Since U.S. Africa Command began operations in 2008, the number of U.S. military personnel on the African continent has jumped 170 percent, from 2,600 to 7,000. The number of military missions, activities, programs, and exercises there has risen 1,900 percent, from 172 to 3,500. Drone strikes have soared and the number of commandos deployed has increased exponentially along with the size and scope of AFRICOM’s constellation of bases.
The U.S. military has recently conducted 36 named operations and activities in Africa, more than any other region of the world, including the Greater Middle East. Troops scattered across Africa regularly advise, train, and partner with local forces; gather intelligence; conduct surveillance; and carry out airstrikes and ground raids focused on “countering violent extremists on the African continent.”
AFRICOM “disrupts and neutralizes transnational threats” in order to “promote regional security, stability and prosperity,” according to its mission statement. But since AFRICOM began, key indicators of security and stability in Africa have plummeted according to the Defense Department’s Africa Center for Strategic Studies, a Pentagon research institution. “Overall, militant Islamist group activity in Africa has doubled since 2012,” according to a recent analysis by the Africa Center.
There are now roughly 24 “active militant Islamist groups” operating on the continent, up from just five in 2010, the analysis found. Today, 13 African countries face attacks from these groups — a 160 percent increase over that same time span. In fact, the number of “violent events” across the continent has jumped 960 percent, from 288 in 2009 to 3,050 in 2018, according to the Africa Center’s analysis.
While a variety of factors have likely contributed to the rise in violence, some experts say that the overlap between the command’s existence and growing unrest is not a coincidence.
“The sharp increase in terrorist incidents in Africa underscores the fact that the Pentagon’s overly militarized approach to the problem has been a dismal failure,” said William Hartung, the director of the arms and security project at the Center for International Policy. “If anything, attempting to eradicate terrorism by force may be exacerbating the problem, provoking a terrorist backlash and serving as a recruiting tool for extremist groups.”
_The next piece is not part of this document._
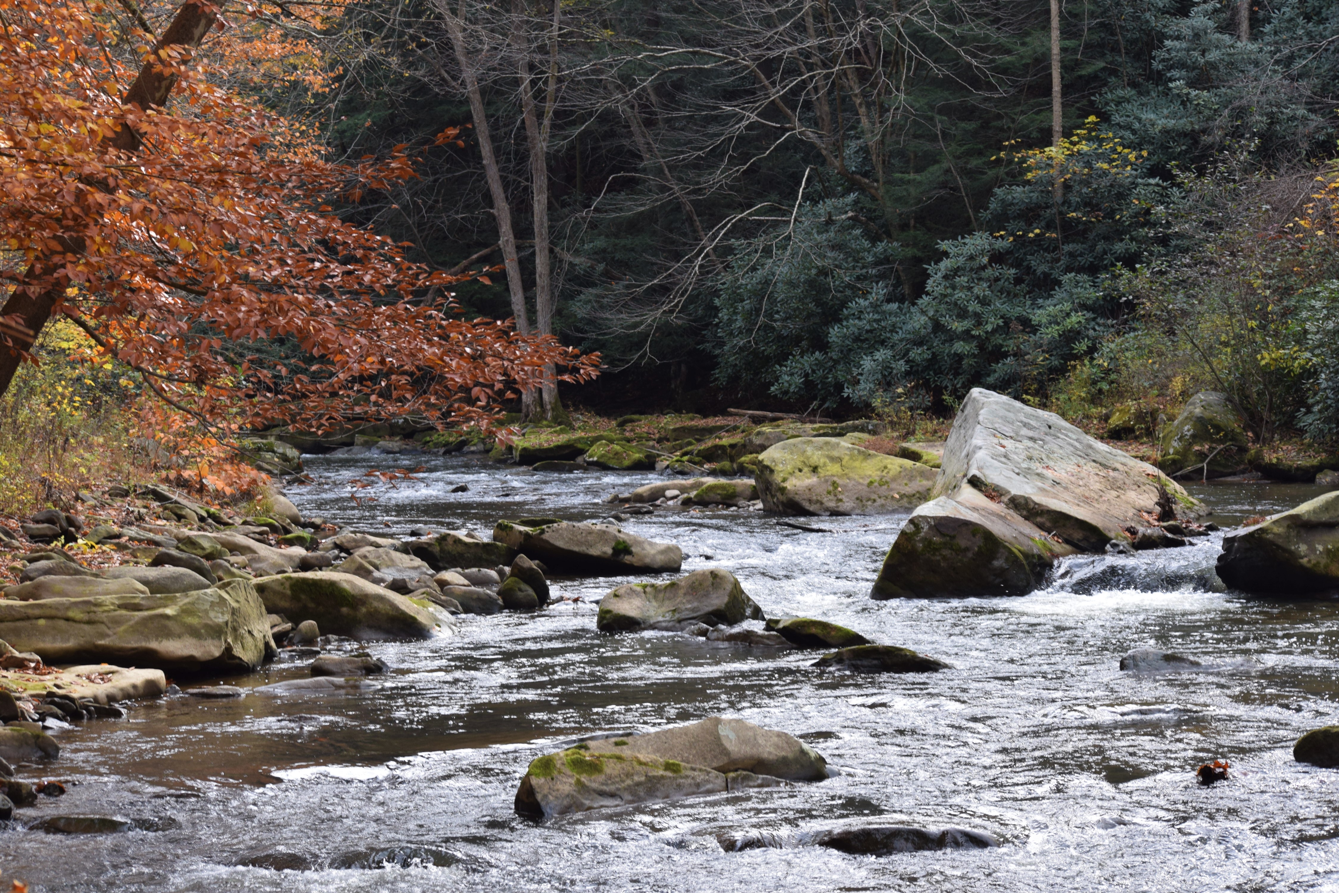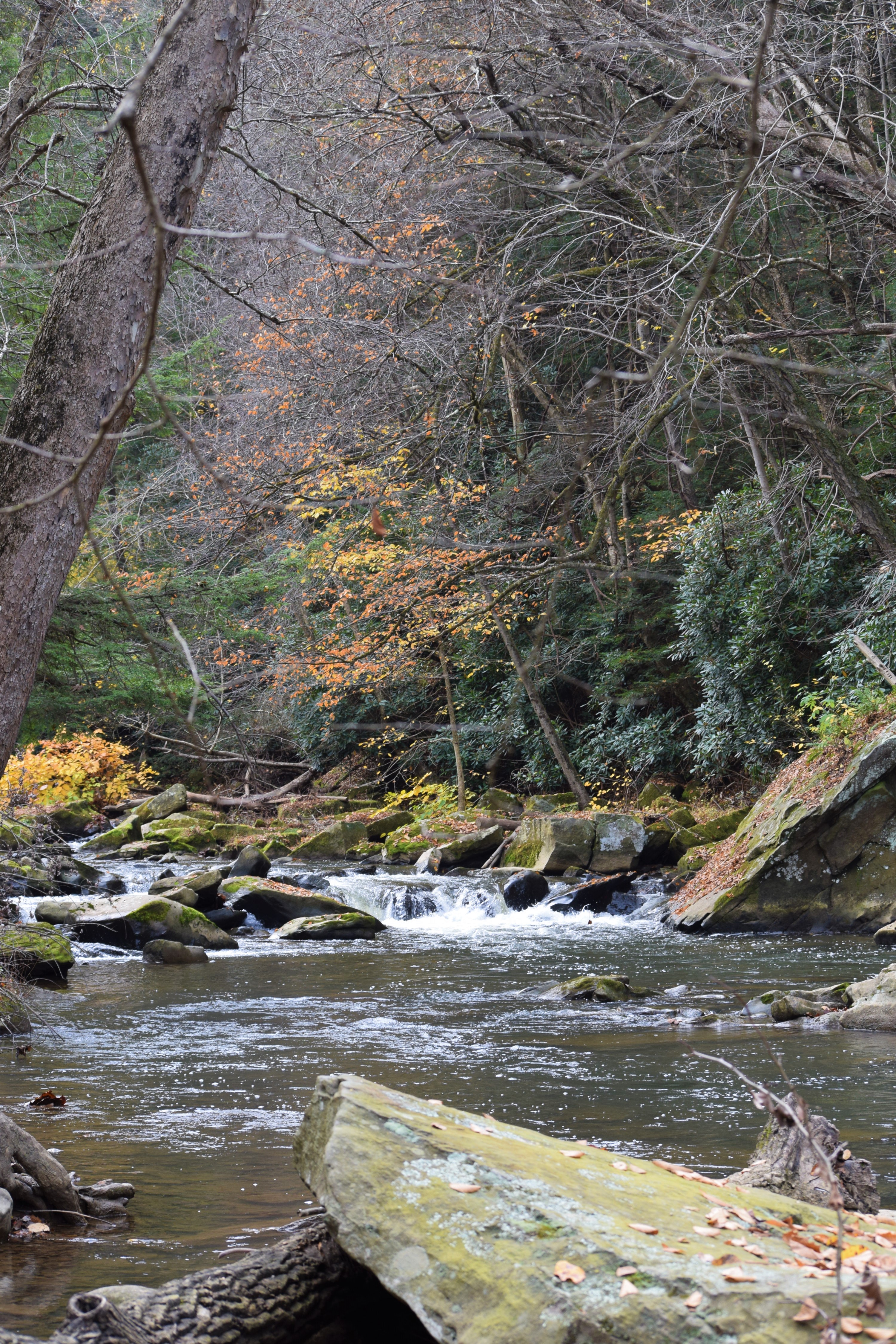 ever I could , along the creek’s edge snapping photos everywhere. This waterways has many boulders and hemlocks and rhododendrons. Add beech and maple and the contrast was breathtaking. I was forced to gather a stck as a third leg for the many rocks where slippery for this old man with painful knees.

A Somali woman walks in a camp for internally displaced people on Dec. 18, 2018, as hundreds of people fled from southern Somalia while the U.S. conducted airstrikes against the Shabab.
Take Somalia, for example. Over the last decade, AFRICOM has conducted hundreds of airstrikes and commando missions there and claims an enemy body count of approximately 800 terrorists, primarily members of the Shabab, a militant group. The number of U.S. air attacks has skyrocketed of late, jumping from 14 under President Barack Obama in 2016 to 47 under the Trump administration last year. Yet the Pentagon’s own analysis found that violent episodes involving the Shabab represent roughly 50 percent of all militant Islamist group activity in Africa and that this “rate has remained consistent over the past decade.”
In October 2017, members of the Islamic State in the Greater Sahara, or ISGS, ambushed American troops near the border of the Sahelian states of Mali and Niger, killing four U.S. soldiers and wounding two others. Just after the attack, AFRICOM claimed the troops were providing “advice and assistance” to local partners, but it was later revealed that American commandos operating alongside a Nigerian force had — until poor weather intervened — hoped to link up with another contingent of U.S. special operators trying to kill or capture Islamic State leader Doundoun Cheffou.
Despite these and several other long-running U.S. military efforts in the region, militant groups in the Sahel have grown more active and their attacks more frequent, according to the Africa Center. In fact, “violent episodes” linked to groups associated with Al Qaeda in the Islamic Maghreb, or AQIM, and ISGS increased from 192 in 2017 to 464 last year. At the same time, fatalities linked to these groups more than doubled, from 529 to 1,112.
This is especially significant in light of a 2000 report prepared under the auspices of the U.S. Army War College’s Strategic Studies Institute, which examined the “African security environment.” While noting the existence of “internal separatist or rebel movements” in “weak states,” as well as militias and “warlord armies,” it made no mention of Islamic extremism or major transnational terror threats. Now the Africa Center counts 24 “active militant Islamist groups” on the continent while other official tallies have, in recent years, put the figure at nearly 50 terrorist organizations and “illicit groups” of all types.
Neither the Pentagon nor AFRICOM responded to The Intercept’s questions about the Africa Center’s analysis, the command’s effectiveness, and any role it may have played in the rising violence on the continent.